Task prompt: Return the records below exactly; pictures stay out.
Material to process below:
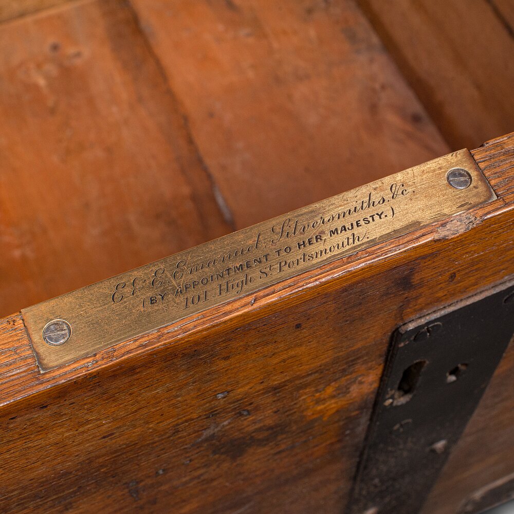 Top edge dressed with a maker’s plaque for E & E Emanuel, Silversmiths of Portsmouth
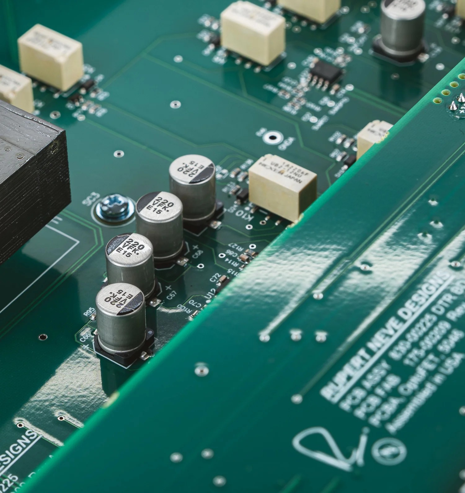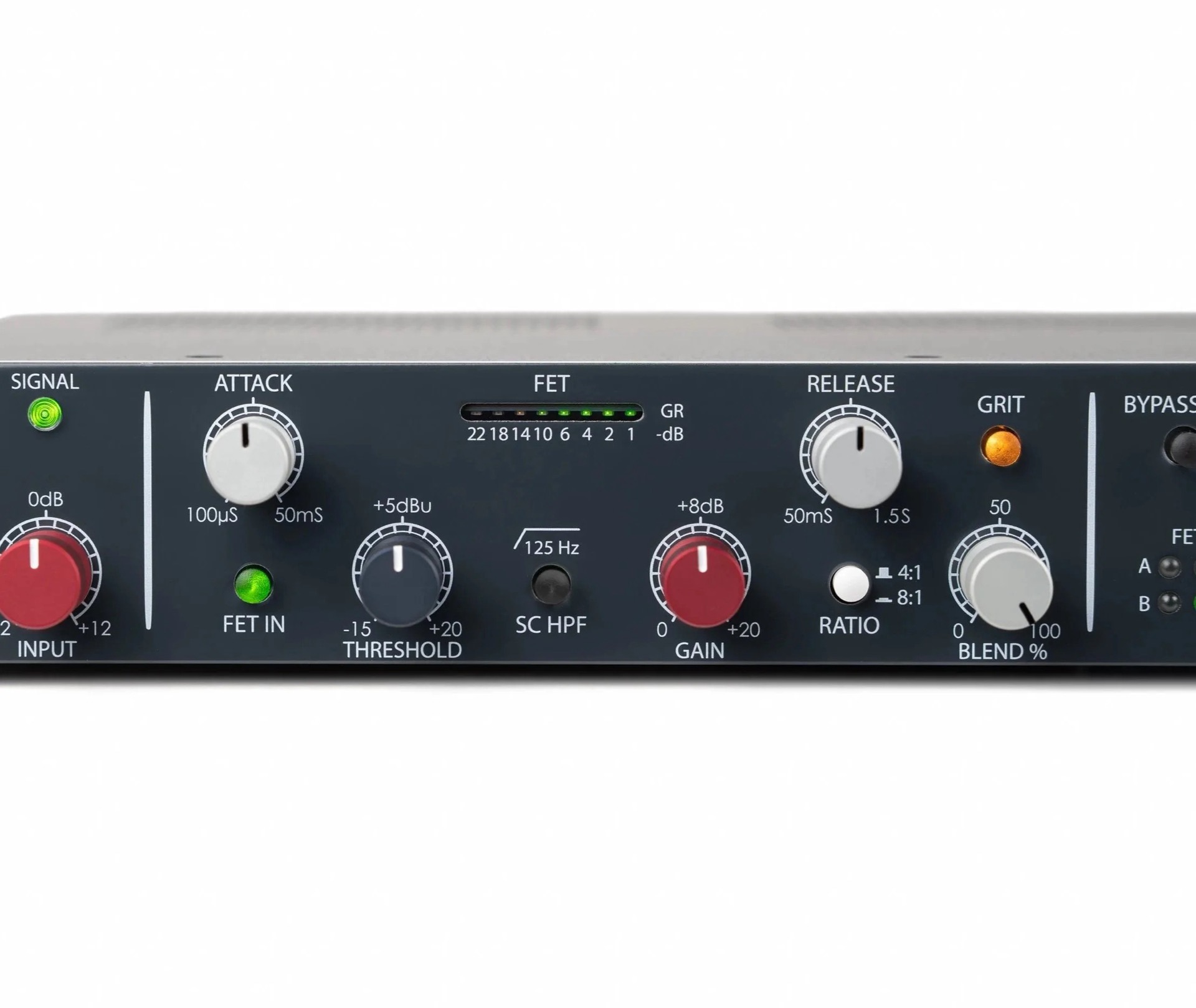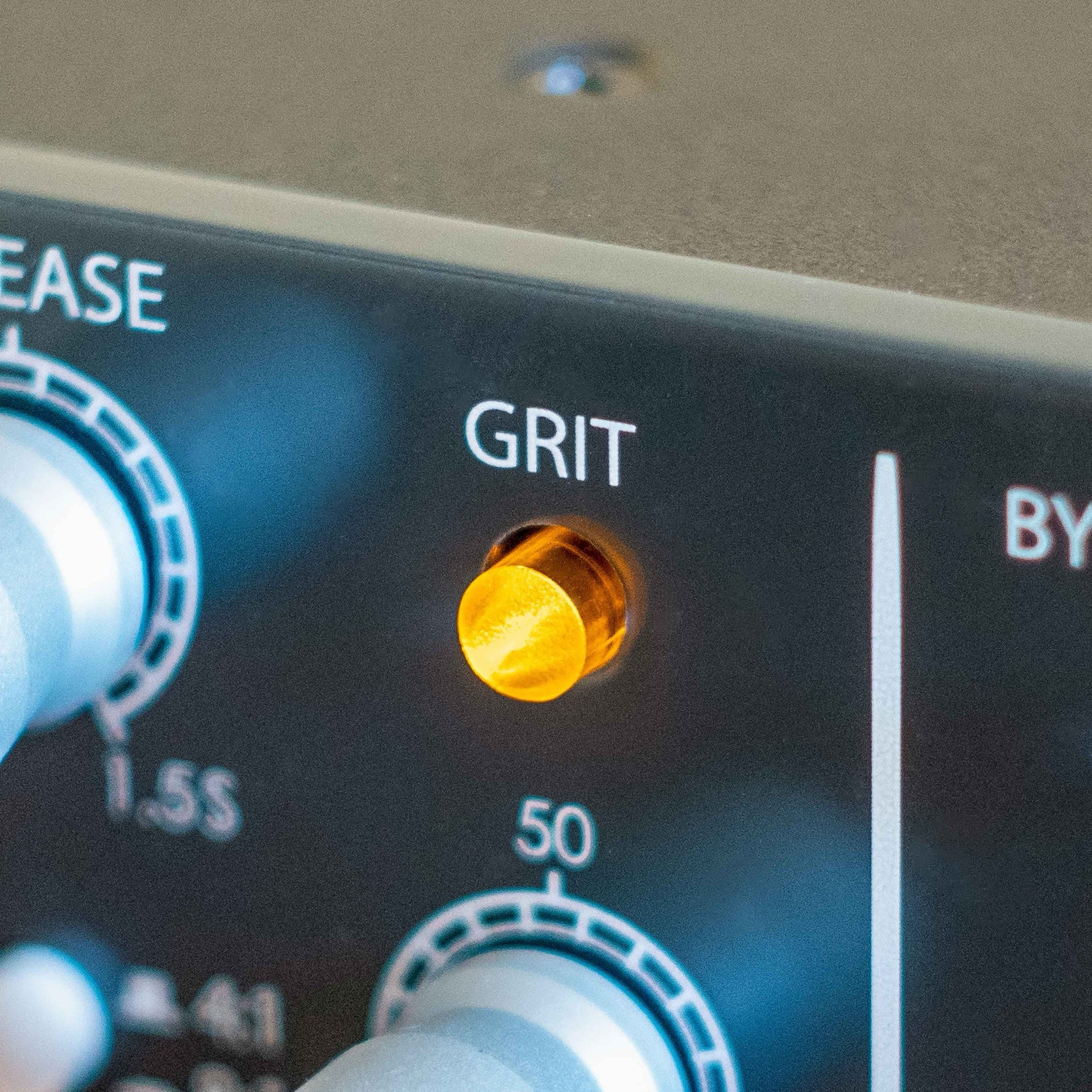 本機に搭載されたFETコンプレッサーは、Rupert Neve Designsのエンジニアリングチームが長年実験を重ねて完成させた全く新しいデザインです。最速100マイクロ秒(0.1ms)という超高速アタックタイムや、4:1または8:1のレシオ設定など、FETならではの特性を備えつつ、現代的な精度も兼ね備えています。さらに特筆すべきは「GRIT」モードの搭載です。このスイッチを入れると、FETコンプレッサーは強力なウェーブシェイパーへと変貌し、高域成分を中心に豊かな倍音歪みを加えることができます。これにより、ソースをオケ中で際立たせたり、攻撃的なキャラクターを与えたりすることが可能です。Blendノブと併用することで、原音の芯を残したまま適度なダーティさを加えるといった高度な処理も容易に行えます。
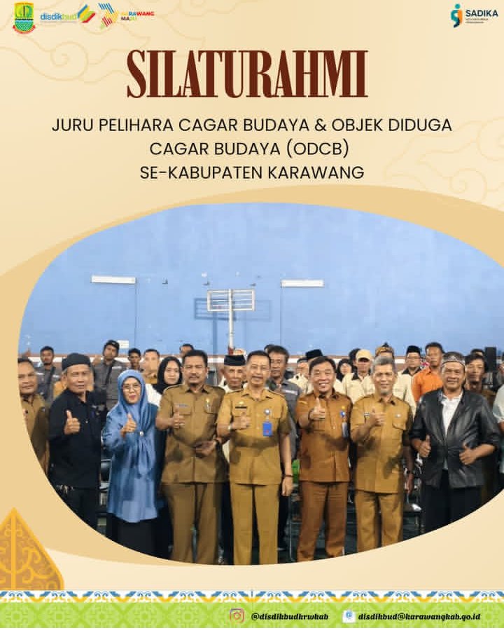Karawang – Dinas Pendidikan dan Kebudayaan (Disdikbud) Kabupaten Karawang menggelar kegiatan Silaturahmi Juru Pelihara Cagar Budaya dan Objek Diduga Cagar Budaya (ODCB) se-Kabupaten Karawang. Kegiatan tersebut dilaksanakan di GOR Disdikbud Kabupaten Karawang dan dihadiri para juru pelihara, perwakilan pemerintah desa, serta unsur terkait lainnya. Senin (12/01/2026).
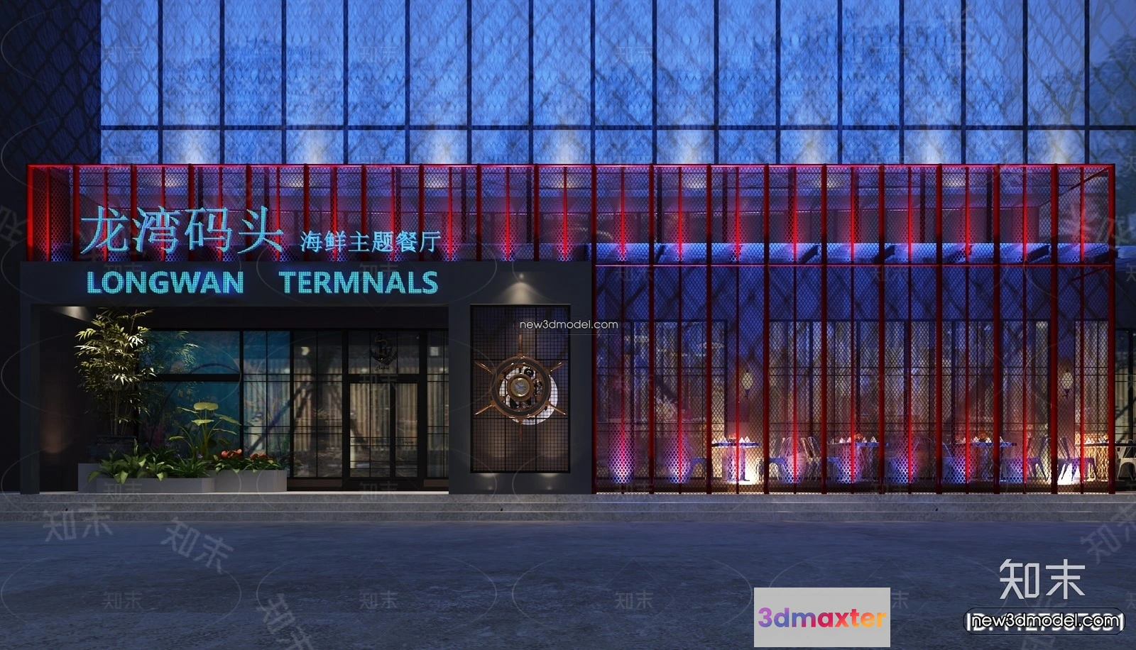 Seafood Restaurant 3D Scene – 3D Blocks – 061 – Restaurant 3D Model – VRAY
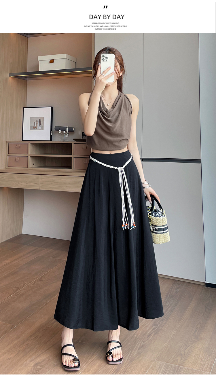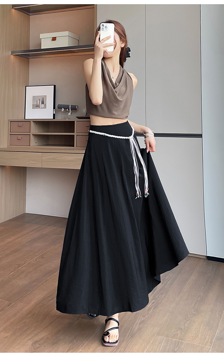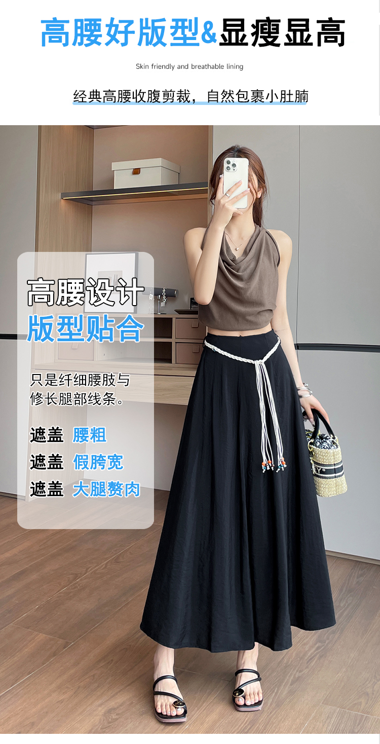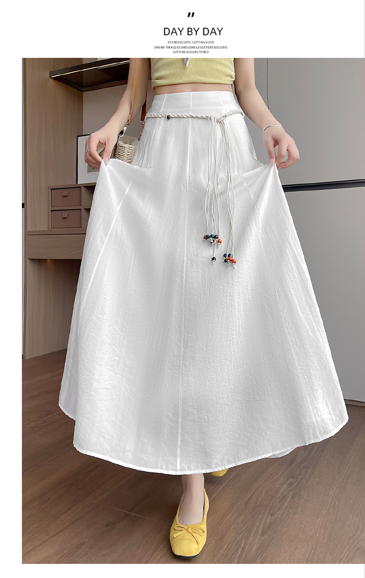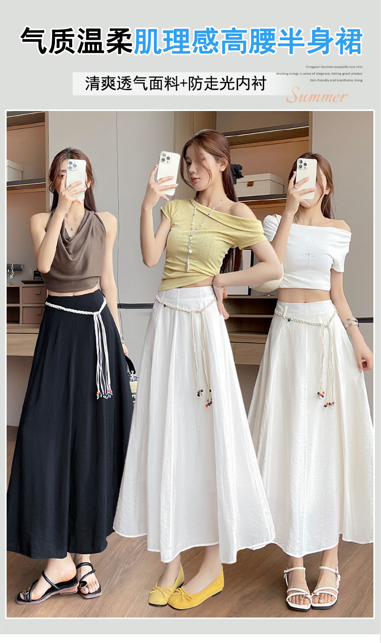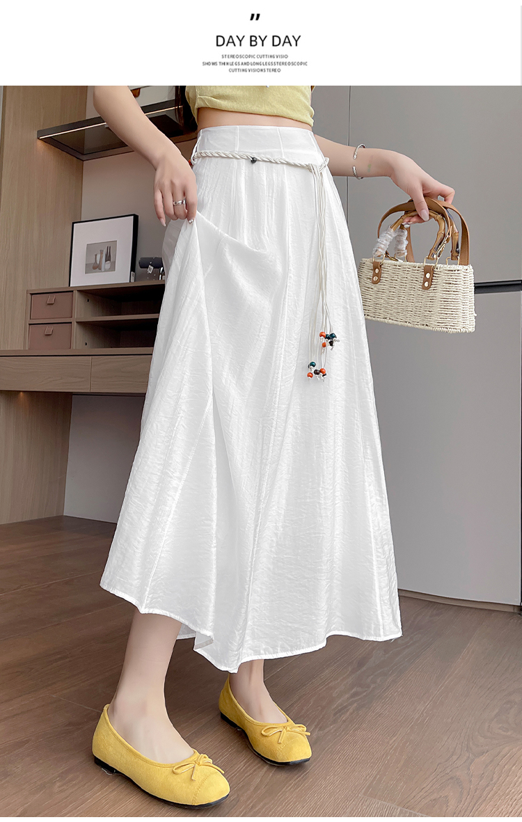 실사 질감 센스 한 마디 반신 스커트 2026 여름 하이웨이스트 슬림해 보이는 패션 다용도 레이스업 캐주얼 빅 플레어 스커트
End of Material to process.
The answer:
 Top edge dressed with a maker’s plaque for E & E Emanuel, Silversmiths of Portsmouth
 本機に搭載されたFETコンプレッサーは、Rupert Neve Designsのエンジニアリングチームが長年実験を重ねて完成させた全く新しいデザインです。最速100マイクロ秒(0.1ms)という超高速アタックタイムや、4:1または8:1のレシオ設定など、FETならではの特性を備えつつ、現代的な精度も兼ね備えています。さらに特筆すべきは「GRIT」モードの搭載です。このスイッチを入れると、FETコンプレッサーは強力なウェーブシェイパーへと変貌し、高域成分を中心に豊かな倍音歪みを加えることができます。これにより、ソースをオケ中で際立たせたり、攻撃的なキャラクターを与えたりすることが可能です。Blendノブと併用することで、原音の芯を残したまま適度なダーティさを加えるといった高度な処理も容易に行えます。
Karawang – Dinas Pendidikan dan Kebudayaan (Disdikbud) Kabupaten Karawang menggelar kegiatan Silaturahmi Juru Pelihara Cagar Budaya dan Objek Diduga Cagar Budaya (ODCB) se-Kabupaten Karawang. Kegiatan tersebut dilaksanakan di GOR Disdikbud Kabupaten Karawang dan dihadiri para juru pelihara, perwakilan pemerintah desa, serta unsur terkait lainnya. Senin (12/01/2026).
 Seafood Restaurant 3D Scene – 3D Blocks – 061 – Restaurant 3D Model – VRAY
 실사 질감 센스 한 마디 반신 스커트 2026 여름 하이웨이스트 슬림해 보이는 패션 다용도 레이스업 캐주얼 빅 플레어 스커트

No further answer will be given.